168 lines (136 loc) · 11.4 KB

Damselfly Technical Overview

Return to Readme

How does Damselfly Work?

A lot of the UI/UX paradigms within Damselfly are based on the same sorts of functionality found in Google's highly popular, but now-defunct Picasa application. I've used Picasa for over a decade, and the speed and simplicity of its management of photos, particularly around search, simple edits, and keyword tagging/management, are unmatched anywhere else in my opinion. Unfortunately, Google decided to demise Picasa, and whilst it still works, it's becoming less and less practical to use (e.g., on MacOS, it runs on Catalina/Big Sur, but can't be installed because the installer is 32-bit). So I've borrowed some of the concepts for Damselfly:

  • Basket selection - images within Dasmselfly can be added to the basket by clicking the round button on each thumb.
  • Once in the basket, certain operations can be carried out, such as uploading to Wordpress in a single click, or exporting at various resolutions, with or without a watermark.
  • There's also a selection model, for quick operations on a few images in the browse screen. Click to toggle selection, and then add keywords, or add to the baskey, using the buttons at the bottom of the browse area. Note: the selection model needs some improvements to support shift-select, etc - these will be coming.
  • Adding keywords (IPTC tags) can be done for selected images, images in the basket or the currently displayed image on the properties screen.

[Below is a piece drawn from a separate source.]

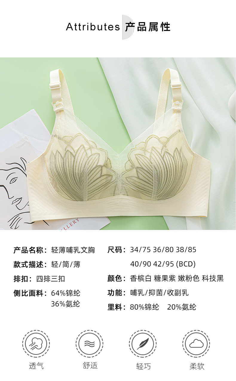 Maternity Nursing Bra for Pregnant Women, Postpartum Breastfeeding Thin Bra Without Underwire, Anti-Sagging Push-Up Bra

How does Damselfly index images?

At startup, Damselfly will run a full index on the folder of images passed in as the only mandatory parameter (or the volume mapped to /pictures if you're running in Docker). The process runs as follows:

  1. Damselfly will scan the entire folder tree for any images (currently JPG, PNG, HEIC, TIFF, Webp, BMP and DNG/CR2 RAW). This process is normally very quick - on my Synology NAS, around half a million images can be scanned in an hour or two). During this process, a filesystem iNotify watcher will be set up for each folder in the tree to watch for changes.
  2. Next, Damselfly will then go back through all of the images, in newest (by file-modified-date) order first, and run the metadata scan. This is more time-consuming, but will pull in all of the metadata such as the resolution, keyword tags, other EXIF data, when the photo was taken, etc.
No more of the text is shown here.